Besides being an outstanding account executive at WILI in the 1980's and 1990's, Gail Baker also brightened up WILI Boom Box Parades


In the early '70s, WILI evolved from a Top 40 station into what we called "AM MONO ROCK!" With a large college audience from UConn and ECSU, cuts from best-selling albums became popular. We went three and four cuts deep into albums by artists like Paul McCartney, Boz Scaggs, Carole King, and Fleetwood Mac. Announcers from that era included Terry Ley, William J. Naughton, Tom Watts, Larry Davis, Frank Walker, Bud Fisher, Les Morrell, Paul Christopher, and Dan Hayden, with news by Steve Kotchko, Bill Bruneau, and Jay Johnson (who co-wrote the Elvis classic, "Blue Christmas").

                                       Jay Johnson also did some work on TV

We also produced multi-colored music surveys, with local photos on the cover, including this one, with two of WILI's sportscasters on the cover (as former WILI jock Tom Lyons once said on air: "Reggie Smith is the one in the middle").


Subsequent WILI News Directors have included Richard Hoffman, Mark Roy, Danny Chun, and Mike Morrissette , who took over in 1990.


Danny Chun interviewed all newsmakers during his term as WILI News Director from 1984-1990. He now works in Chicago.


Jeff Morrow was WILI's afternoon meteorologist in the early 1980's, and had live chats with WILI afternoon announcer Denise Bellamy.  Jeff moved to the Weather Channel as an on-camera meteorologist in 1985 and after 27 years at TWC, moved to WKRN-TV in Nashville

William J. Naughton playing records and carts at the WILI studios at 948 Main Street

Construction on our current building began in 1986

WILI outgrew its 948 Main Street studios in the mid 1980s, and on Columbus Day 1987 moved to new state-of-the-art facilities at 720 Main Street, were we broadcast from today.

The official move to our present studios was broadcast live on WILI in 1987. At 8:45am, Wayne Norman and Danny Chun described the four block walk from 948 Main Street to 720 Main Street.
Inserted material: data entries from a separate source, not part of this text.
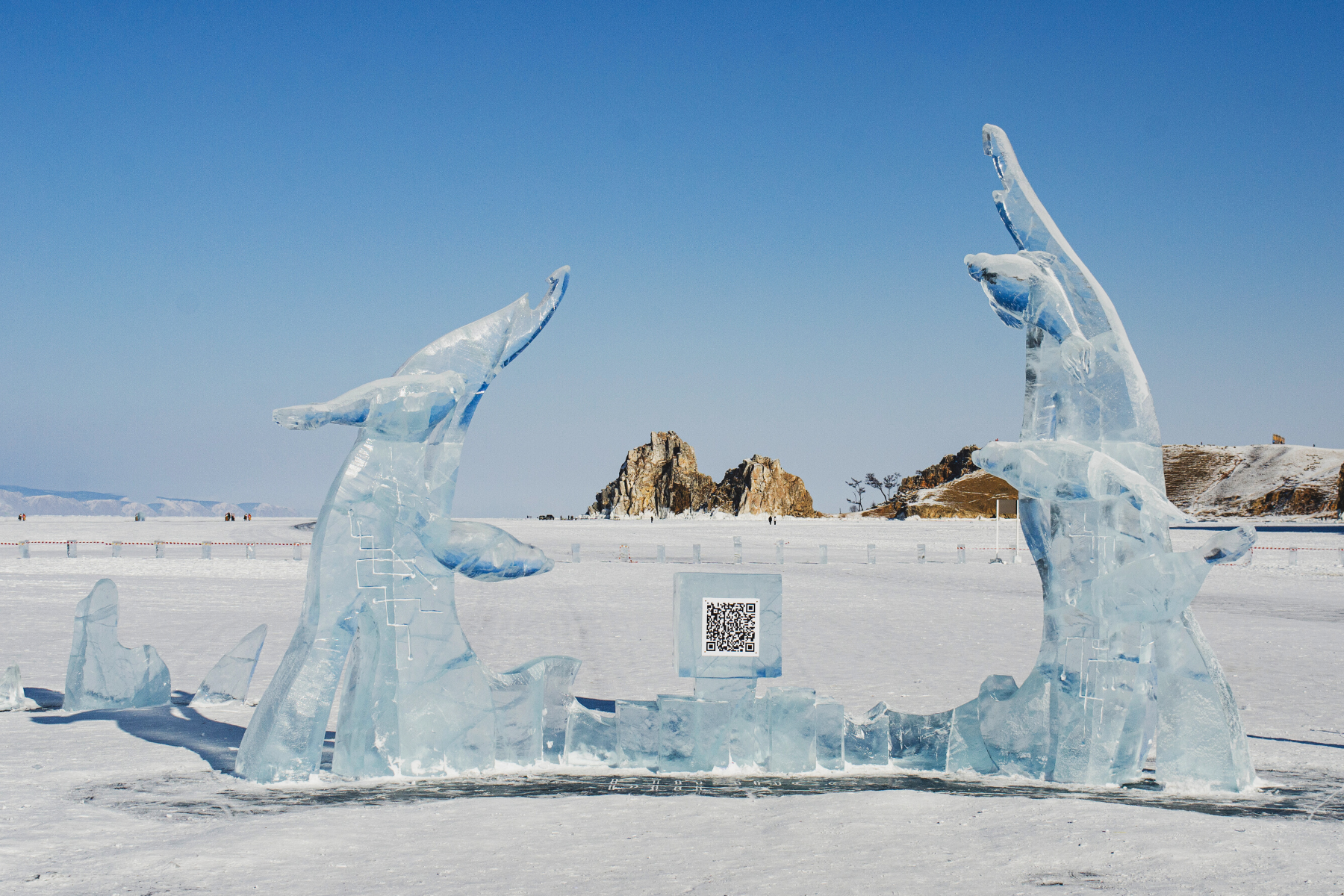 There are “floating” sculptures, which are made by suspending blocks of ice above water.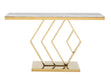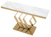 Gamila Modern Style Marble Console Table with Metal Base, 31 x 16 x 55, 88lbs. Cosmos Furniture's Gamila modern style marble top Console Table with metal finish is a unique geometric base. Beautiful and sophisticated, this table is the perfect choice for a contemporary setting. It features a white faux marble tabletop which is supported on gleaming gold geometric linear metal base offers a hint of glamour and modern styling. This elegant table will surely add a spark of life to any home decor. - Modern Style Console Table - In Metal Finish - With Marble Top - Complements any Decor - Mix n Match - - - - - - -
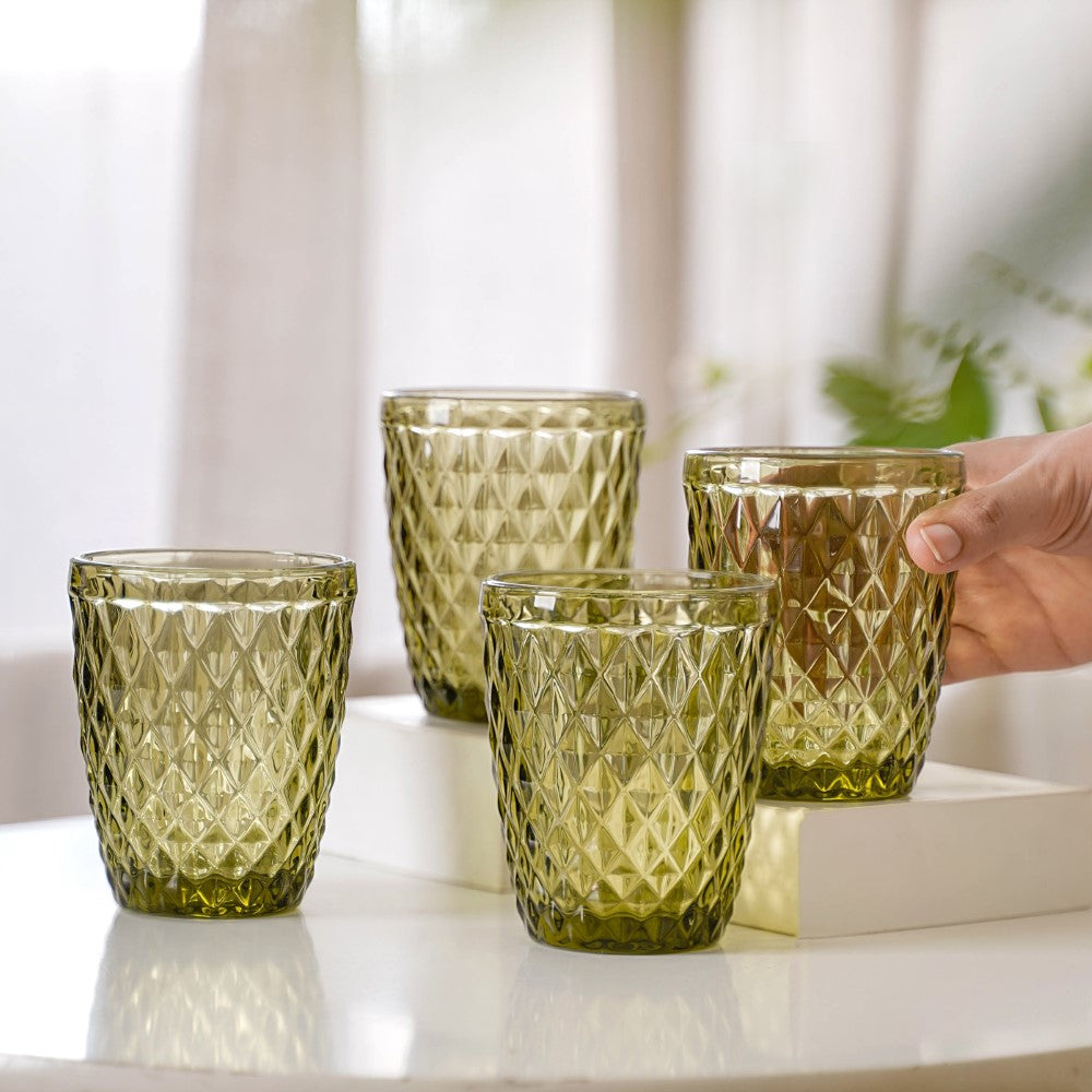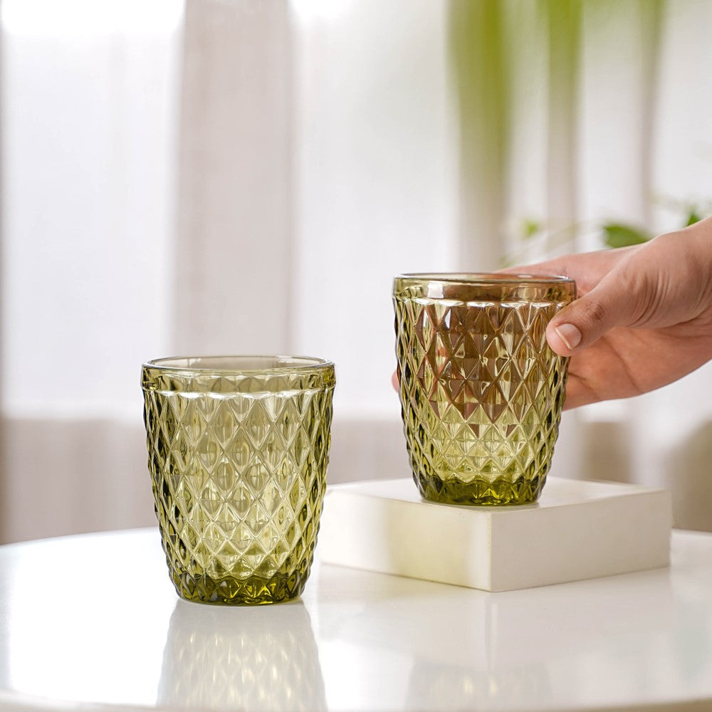 The glass water cup set is available in three more colour options other than green, including grey, blue, and purple. All the variants have the same design and material. So you can pick any colour that matches your personal sense of style and decor.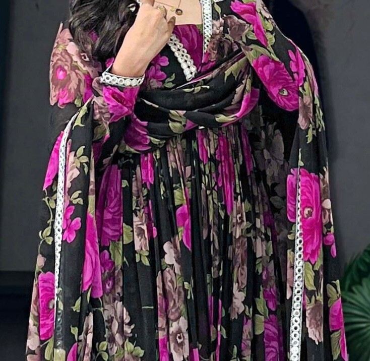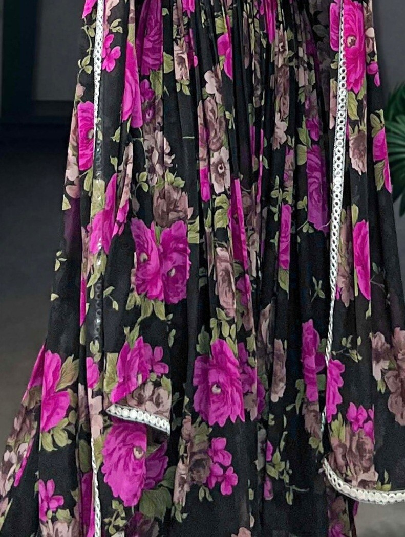 Gown Work: Floral Printed With Paper Mirror Lace Touch Up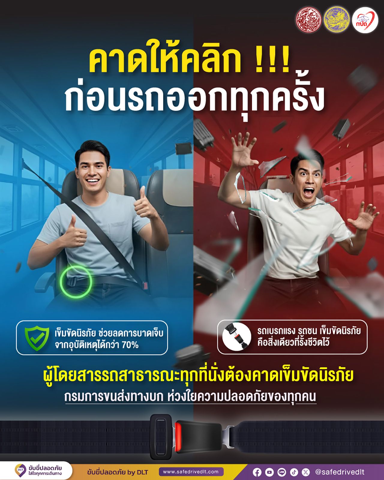 ขนส่งทางบก รณรงค์ “คาดให้คลิก!!! ก่อนรถออกทุกครั้ง” เน้นย้ำผู้โดยสารรถโดยสารสาธารณะทุกที่นั่งต้องคาดเข็มขัดนิรภัย เพื่อความปลอดภัยตลอดการเดินทาง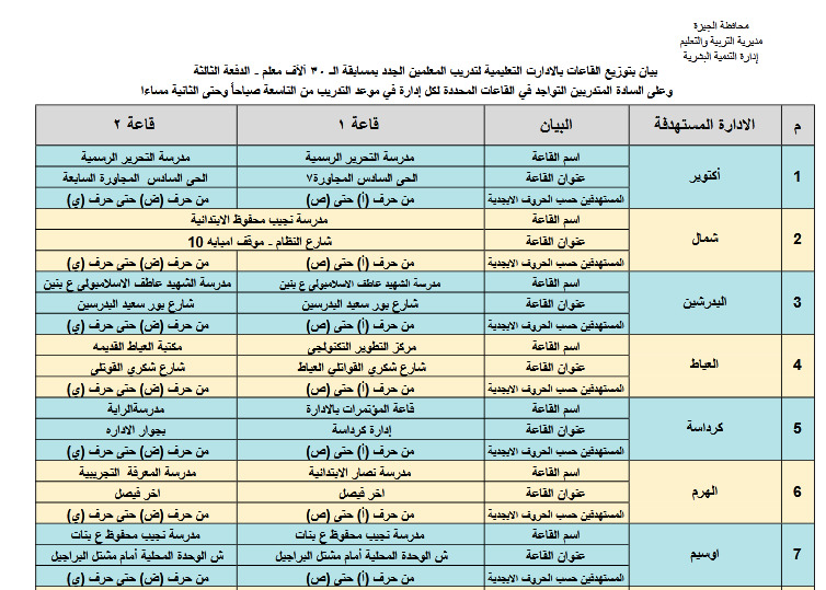 وشددت مديرية التعليم بالجيزة على المعلمين الالتزام بالأماكن الموضحة لكل إدارة بالجدول التالي: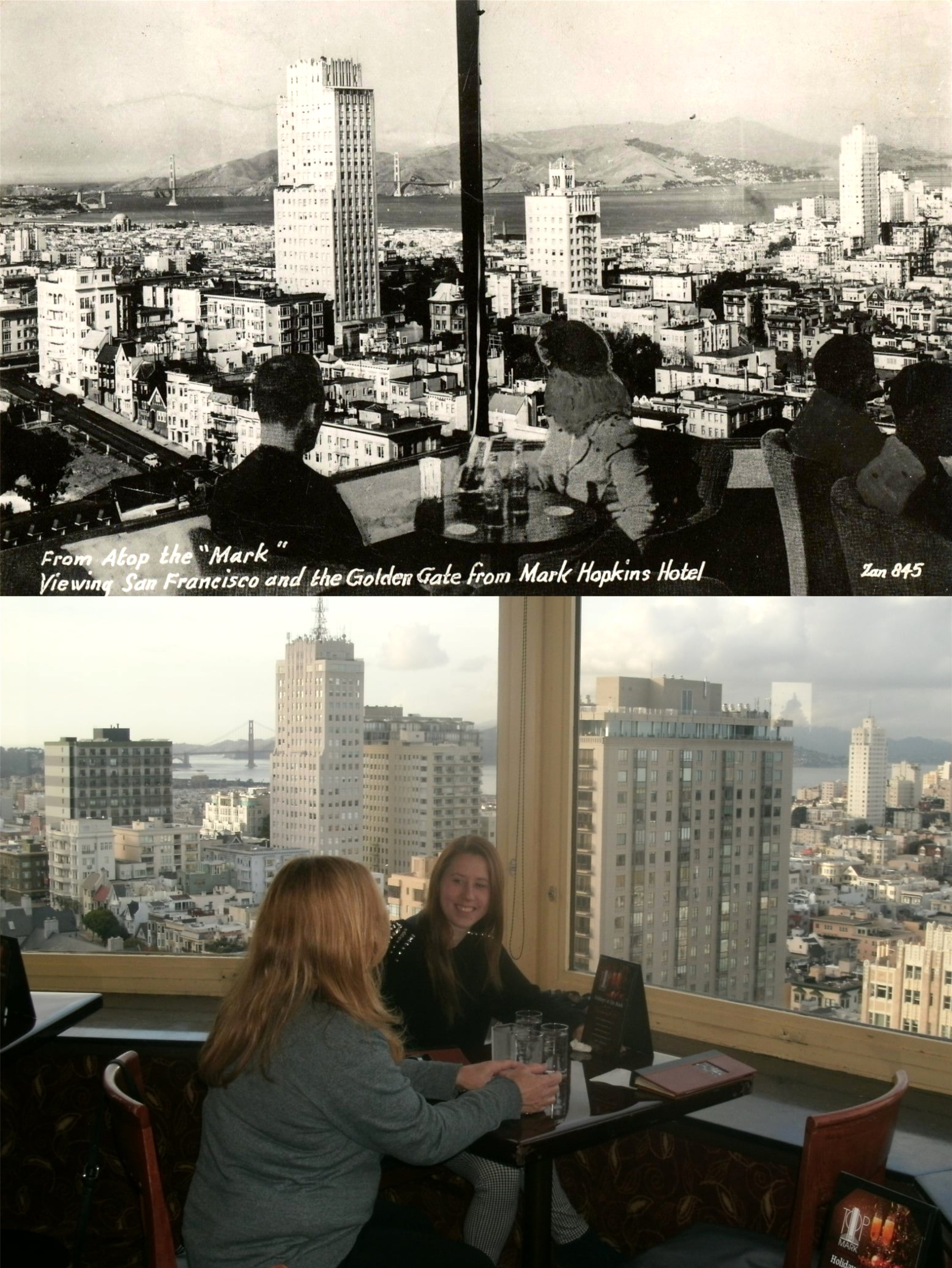 Not the same stairs, but possibly the same level these two socialites from Berkeley are descending to in 1939. (SF Library Digital Archives)

WILI's Robin Rice and Holly Utzig are on the right, while intrepid cameraman D. W. Spikerton caught the event for posterity on videotape. WILI president Herb Rice was waiting to welcome the group at 720 Main Street.
WILI has taken many listeners to Fenway Park on Constitution Coach buses. Hosting this 1990 trip were (L-R) Danny Chun, Ann Putio, Gail Baker, Mark Christopher, Wayne Norman, Chris Rice, Robin Rice, and Denise Bellamy

One of the announcers with the longest tenure in the '80s was Denise Bellamy, who handled the afternoon shift from 1979 to 1985. She did a Saturday morning show in 1983 six hours before her first child was born! Denise moved on to become an Account Executive at WILI.

The 1986 WILI softball team at ECSU's Spector Field. Front row: Ken Carson, Denise Bellamy, Gail Baker (straddled by Jeff Spenser), Jamie West, Karin Sherbin. Back row: Danny Chun, Colin Rice, Wayne Norman, Bob Pakenham, Bill Lancaster, Kevin Williams, John Tuite, Donna Evan -- Robin Rice photo

In the early '80s, WILI aired Wolfman Jack's syndicated "Graffiti Gold" oldies show.

ECSU President David Carter (L), Wayne Norman, and UConn President Phillip Austin before the 1999 March of Dimes "WalkAmerica" at Windham High School

One of our long-time employees was Virginia Seretny, the hostess of "Polka Time" for nearly 40 years, until her passing in May of 2000. To read our tribute to Virginia, click here .

Lynn Moebus preceded Mike Morrissette as the morning newscaster on WILI's Wayne Norman Show
In 1985, WILI changed to a "full-service" adult contemporary format, and we now feature "Today's hits and yesterday's favorites." In September 2005, Hall Communications bought WILI, pledging to keep it a community-oriented, locally operated station.  And in 2017 we added WILI-AM's programming to 95.3 FM.